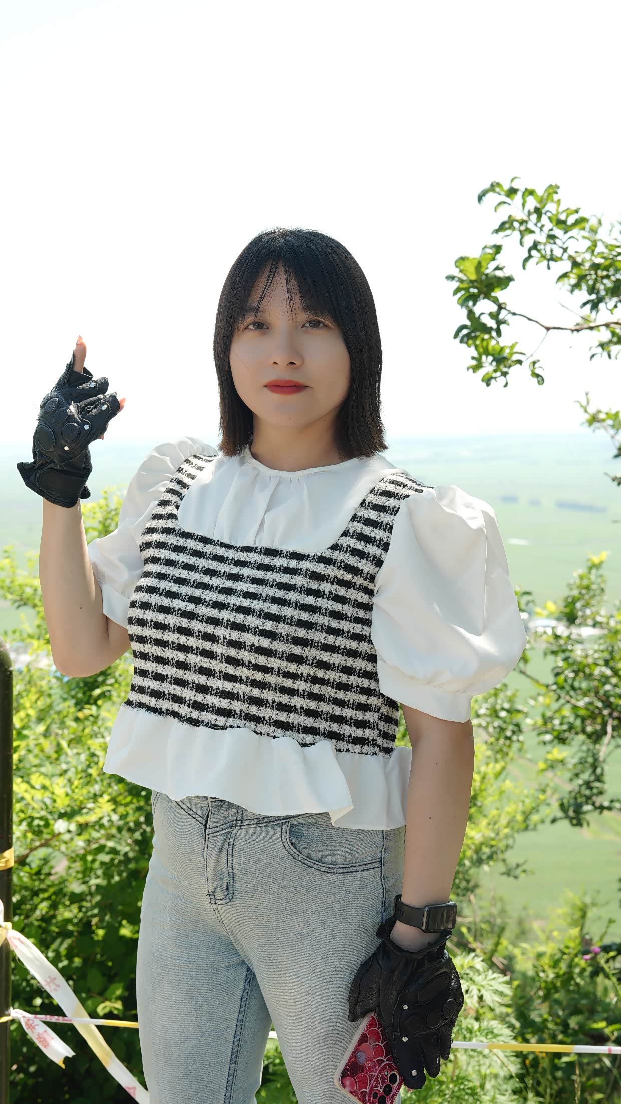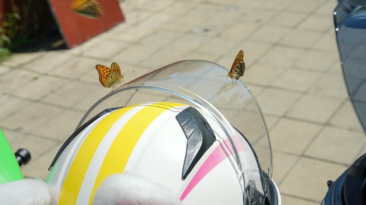 更让我们惊喜的是,在山顶休息的时候,一只小蝴蝶竟然落在了我的头盔上。它停了好一会儿,翅膀轻轻扇动着,仿佛在和我们打招呼。老婆赶紧拿出手机,把这温馨的一幕拍了下来,这大概就是大自然给我们的小惊喜吧!
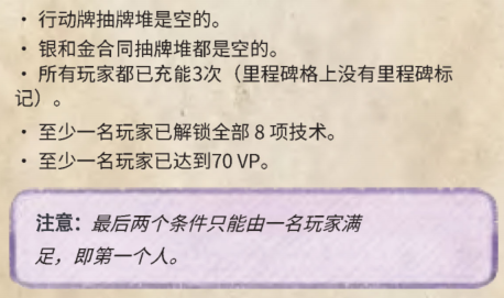 当5个条件中的2个(2人局是3个)满足时,游戏结束。
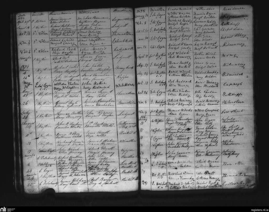 Thomastown; County of Kilkenny; Diocese of Ossory. Marriages, Apr. 1873 to Feb. 1876
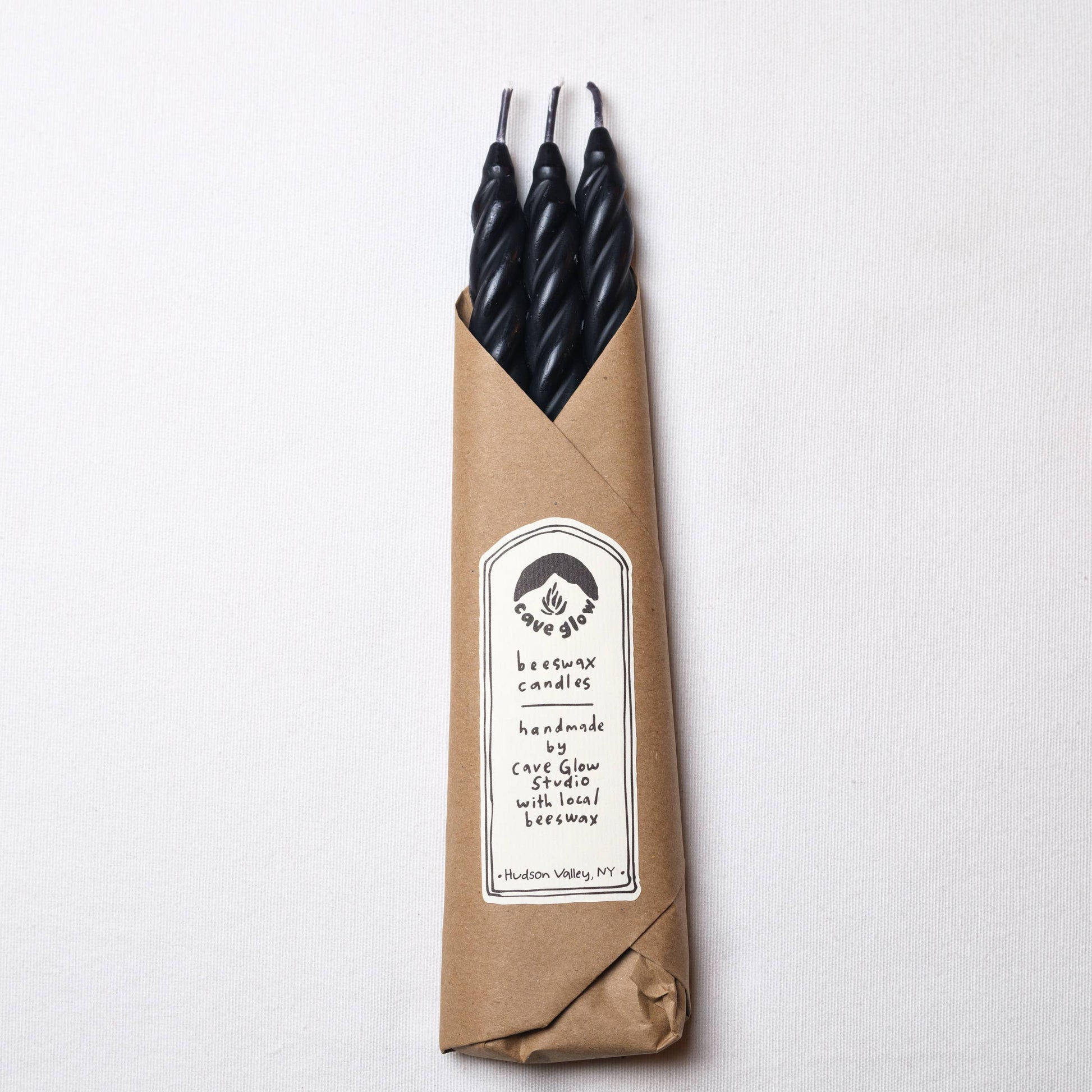 Our Black Beeswax Taper Candles Set comes with three matching hand-crafted 9” spiral beeswax candles. These candles are made with pure beeswax, cotton wicks and natural dye. We hand-craft each candle in small batches in our studio in the Catskills, NY.
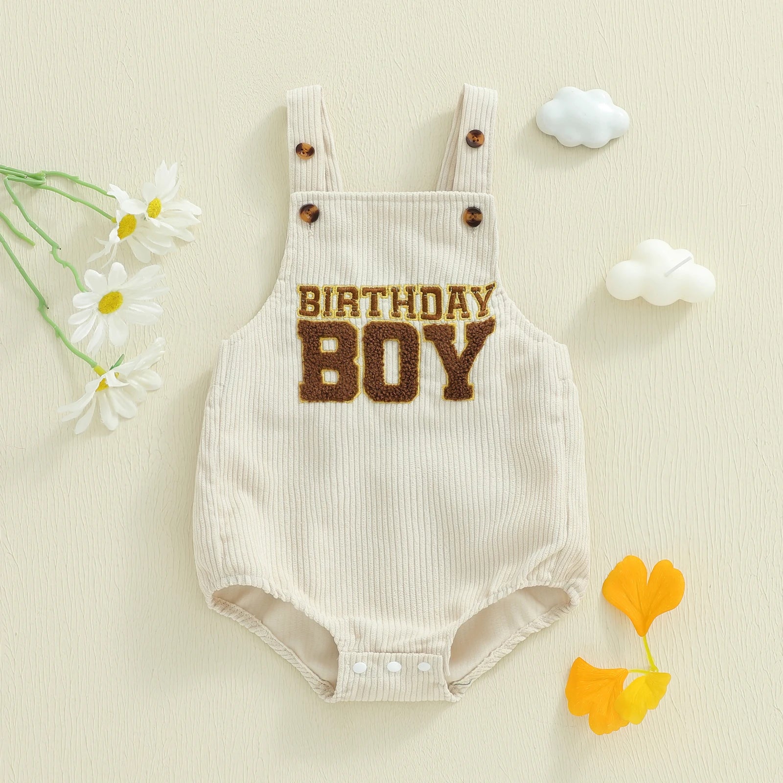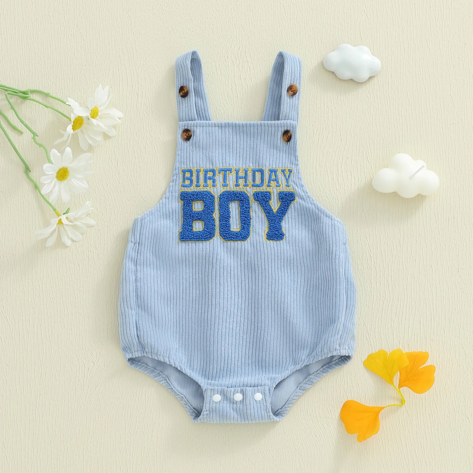 Newborn Baby Boys Romper - Letter Embroidery Square Neck Sleeveless Jumpsuit (0-18M)
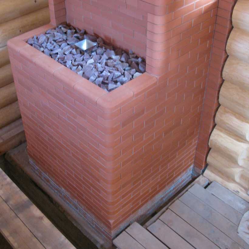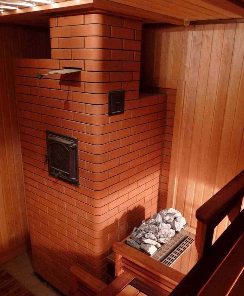 Деревянные бани отличаются повышенной пожароопасностью. Стены, потолок — практически все элементы парилки изготовлены из дерева. В деревянных помещениях печи сооружают преимущественно из кирпича. Приобретенные в торговой сети, металлические конструкции облицовывают природными камнями, кирпичом или искусственным камнем.
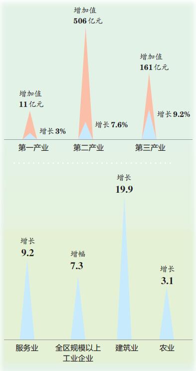 (柱状图表:第一产业实现增加值11亿元,增长3%;第二产业实现增加值506亿元,增长7.6%;第三产业实现增加值161亿元,增长9.2%。)

──────────────────────────────

* Activity: Leaving the pictures out, give again word for word each line from the one holding "Newborn Baby Boys" through the end of the records.

* Written response:
 Newborn Baby Boys Romper - Letter Embroidery Square Neck Sleeveless Jumpsuit (0-18M)
 Деревянные бани отличаются повышенной пожароопасностью. Стены, потолок — практически все элементы парилки изготовлены из дерева. В деревянных помещениях печи сооружают преимущественно из кирпича. Приобретенные в торговой сети, металлические конструкции облицовывают природными камнями, кирпичом или искусственным камнем.
 (柱状图表:第一产业实现增加值11亿元,增长3%;第二产业实现增加值506亿元,增长7.6%;第三产业实现增加值161亿元,增长9.2%。)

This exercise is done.